How you encourage advanced runners to get to the next level? 

Marshelle: I remind them that we who are behind are proud of them and we are cheering from the rear. When they are training at night, I track some on Road iD breadcrumbs, and sometimes, I drive out and make sure they are ok, bringing water and sports drinks. I also encourage them to cross train for added strength and endurance. I invite them to water aerobics to increase their cardiovascular endurance. I have done a brick (run, bike) while one distance runner was training so she wouldn’t be alone. Finally, I have joined some advanced runners for at least 4 of their many miles on a few occasions. Elizabeth: I strongly recommend speed training and taking the lead at runs. Roberta: Stay focused; make sure your goal is realistic; what is their fear? (if any); try to find others that accomplished what they are trying to accomplish and get advice/tips; make sure their confidence is in check, mentally and physically Candice: I push advanced runners in friendly competition.  I have challenged them to go harder and go faster.  With that we have gotten PR's in longer and shorter distances.  Even in practice runs, I say lets go for an 10 minute mile, a 9 minute mile, 8 minute mile. etc.  (We have also been talking about getting a specific time and date for speed training or for longer runs - ultra distances).

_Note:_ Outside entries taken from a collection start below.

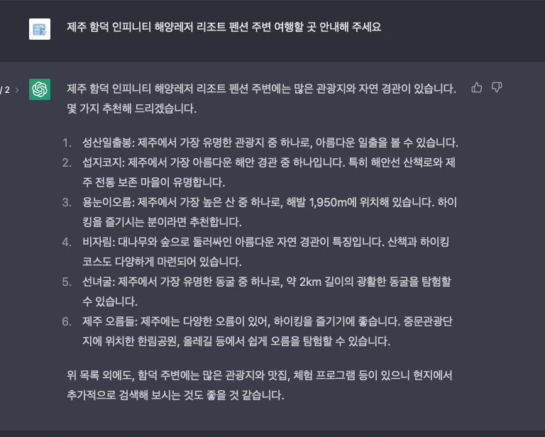 제주 함덕 인피니티 해양레저 리조트 펜션 (https://herewego.link/accomm/view.php?cp_ix=111022) 예약하신 손님에게 ChatGPT의 추천 내용을 전달해 드렸습니다.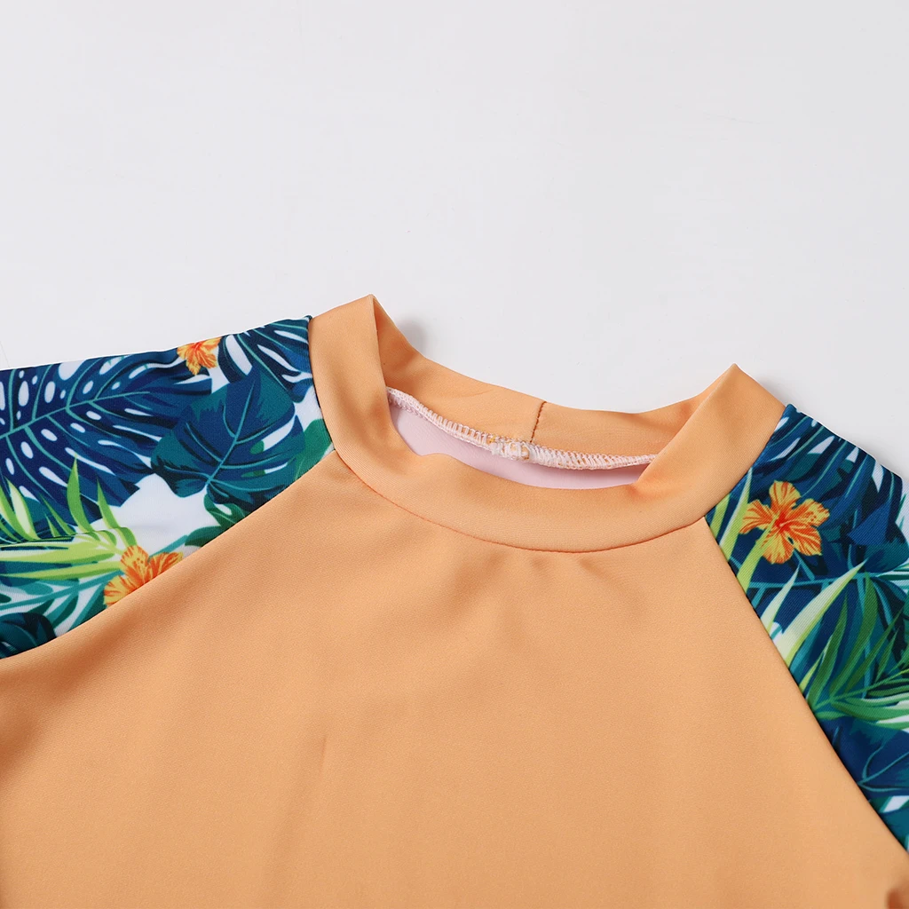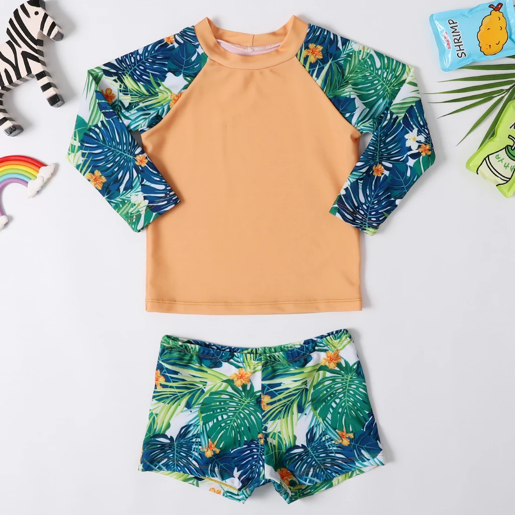 Новинка 2019 года; купальный костюм для маленьких мальчиков; детский купальный костюм с длинными рукавами; детский купальный костюм из двух предметов; купальный костюм с тропическими листьями для мальчиков; пляжная одежда
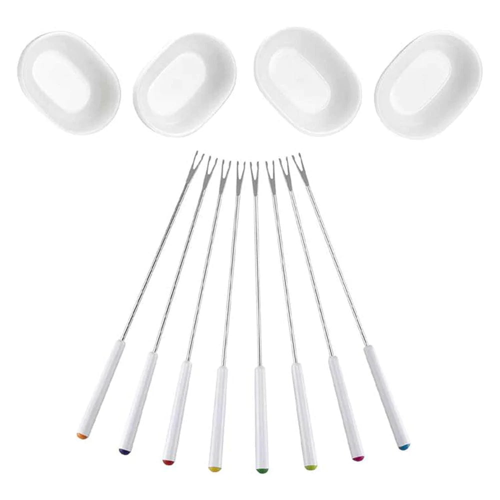 With removable pot with non-stick coating. Includes 8 nickel-plated steel forks with insulating handle and color indicator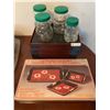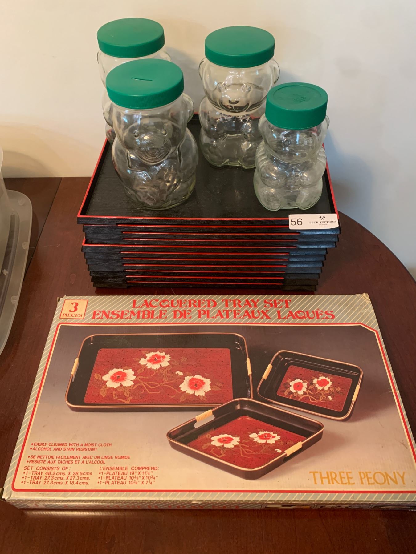 Huge Lot of Serving Trays Glass Peanut Butter Jars Plus a Lacquered Tray Set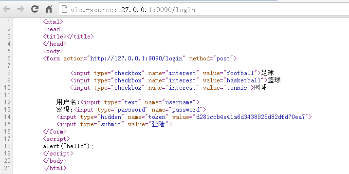 <input type="submit" value="登陆">我们在模版里面增加了一个隐藏字段token,这个值我们通过MD5(时间戳)来获取唯一值,然后我们把这个值存储到服务器端(session来控制,我们将在第六章讲解如何保存),以方便表单提交时比对判定。
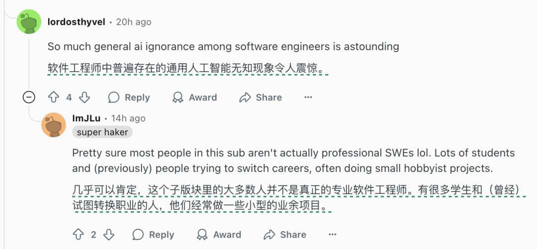 当然这种说法很快被觉得AI编程不好用的人驳斥了。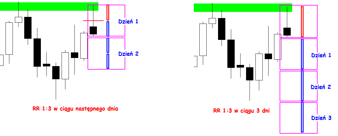 Inwestor stosujący zlecenia oczekujące w 50% świecy znacznie szybciej osiąga zysk w wysokości RR 1:3.
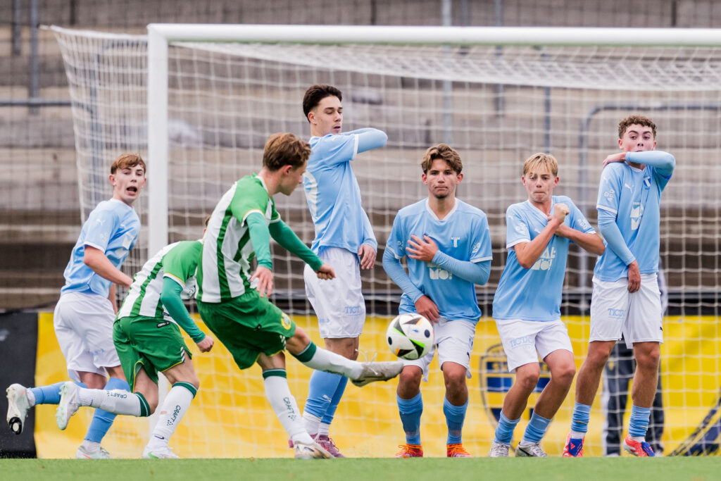 251030 Malmös spelare står i mur vid en frispark under finalen i P16 Allsvenskan mellan Malmö FF och Hammarby den 30 oktober 2025 i Malmö.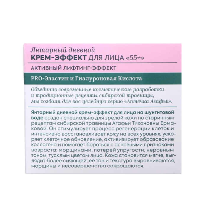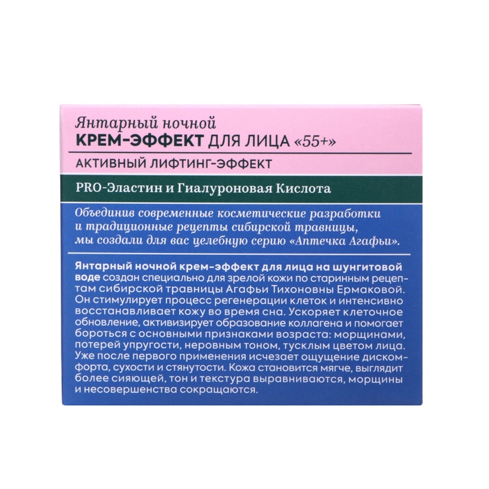 Янтарный дневной крем-эффект для лица 55+ Активный лифтинг эффект. Стимулирует процесс регенерации клеток и интенсивно восстанавливает кожу на всех уровнях, ускоряет клеточное обновление, активизирует образование коллагена и помогает бороться с основными признаками возраста: морщины, потеря упругости, неровный тон, тусклый цвет лица. Кожа становится мягче, выглядит более сияющей, её тон и текстура выравниваются, морщины и несовершенства сокращаются. Янтарный ночной крем-эффект для лица 55+ Активный лифтинг эффект.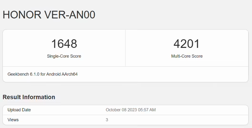 跑分信息顯示,這款新機的單核得分為 1648,多核得分為 4201,搭載安卓 13 系統,測試機型為 16GB 內存版本。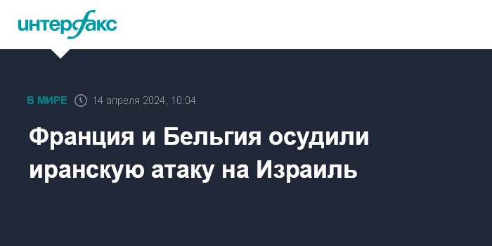 Москва. 14 апреля. INTERFAX.RU - Главы МИД Франции и Бельгии заявили в воскресенье об осуждении своими странами ударов Ирана по Израилю.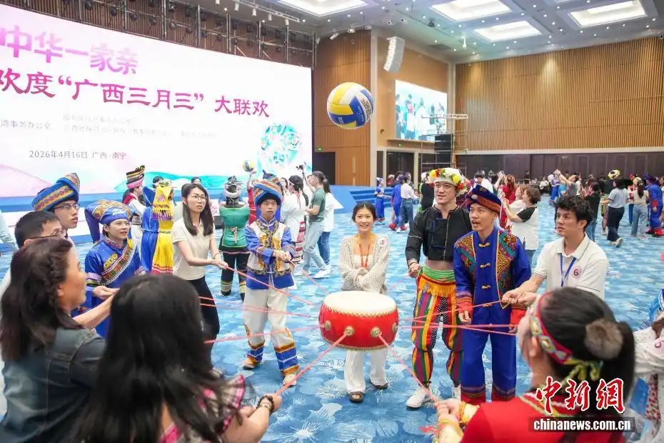 4月16日,中華一家親——2026桂臺各民族歡度“廣西三月三”大聯歡活動在廣西南寧舉行。本次活動由國務院臺灣事務辦公室和廣西壯族自治區人民政府共同主辦,500余名桂臺兩地同胞跨越山海,齊聚一堂,共敘兩岸親情,共話交流合作。圖為桂臺兩地同胞共同參與互動活動“把福氣帶回家(同心鼓)”。中新社記者 陳冠言 攝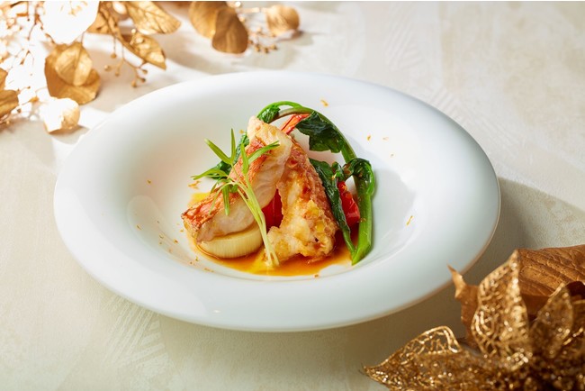 お魚料理は冬の定番の食材金目鯛と贅沢にオマール海老を香ばしく焼き上げた食べ応えのある1皿に、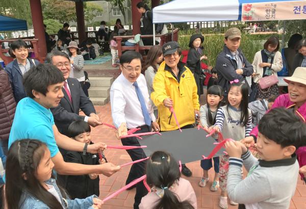 이동진 서울 도봉구청장은 9일 방학동 원당샘공원 일원에서 열린 ‘제7회 정의공주와 함께하는 도봉한글잔치’에 참석했다. 사진은 행사에 참석한 이 구청장과 아동들이 프로그램에 참여하고 있는 모습. (사진제공=도봉구청)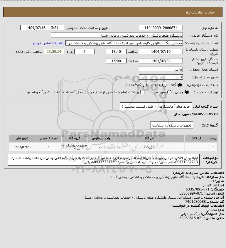 نام دستگاه خریدار:دانشگاه علوم پزشکی و خدمات بهداشتی درمانی فسا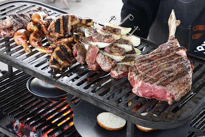 コーナーでは、南米のBBQスタイルで使われる大型グリル「パリージャグリル」を使い、スタッフが目の前で肉料理を焼き上げます。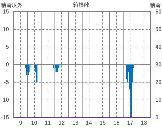 | 日 | 時 | 気温 | 降水 | 風向/風速 | 日照 | 積雪 | 降雪 |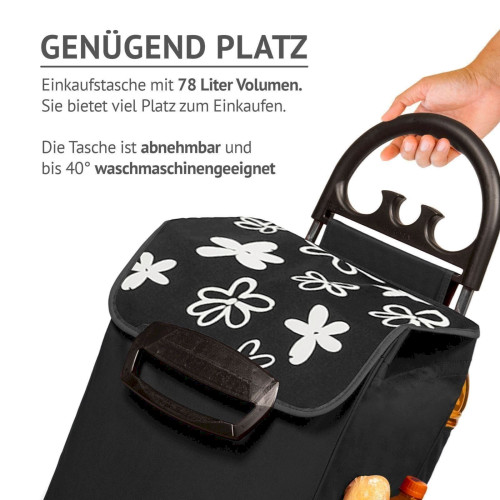 Kiley Einkaufstrolley XXL in schwarz mit Blumenmuster 78 Liter & Seitentaschen große Räder

How did you feel the moment you left your first BGR! run?

Marshelle: Accomplished! It was my first time running the entire 3 miles! Elizabeth: I felt encouraged within the group although I enjoyed running solo. I told anyone that was willing to listen about BGR!. Roberta: I felt really good. Although there were only 3 BGR! ladies at this race, they made me feel welcome and truly part of something special. Candice: Excited. My first BGR! run (practice or formal race) was the Glow Run last November.  It was amazing to see so many women of color excited and engaged in fitness.  After we went to Fridays and just had the best time in friendship and fellowship.  I left that run feeling encouraged and motivated.  As I celebrated my one year BRG anniversary this weekend, I look back and attributed my success in running this year to the welcome I felt that day and the way I felt after the run.

What do you say to ladies right before a big race?

Marshelle: I remind them to “Run Their Race”, finish strong, smile for the camera and have fun! I also remind them that “No Woman is Left Behind” and BGR! will be waiting at the finish line. Elizabeth: Breathe, you got this, see you at the finish line. Roberta: "We got this!"  "Run smart and have fun Candice: I say a prayer for their limbs and their mind.  The mind is most often less willing than the legs.  I also say its not the end of the world if you have to take a walk break just don't do a "lovers stroll" and see you at the FINISH line.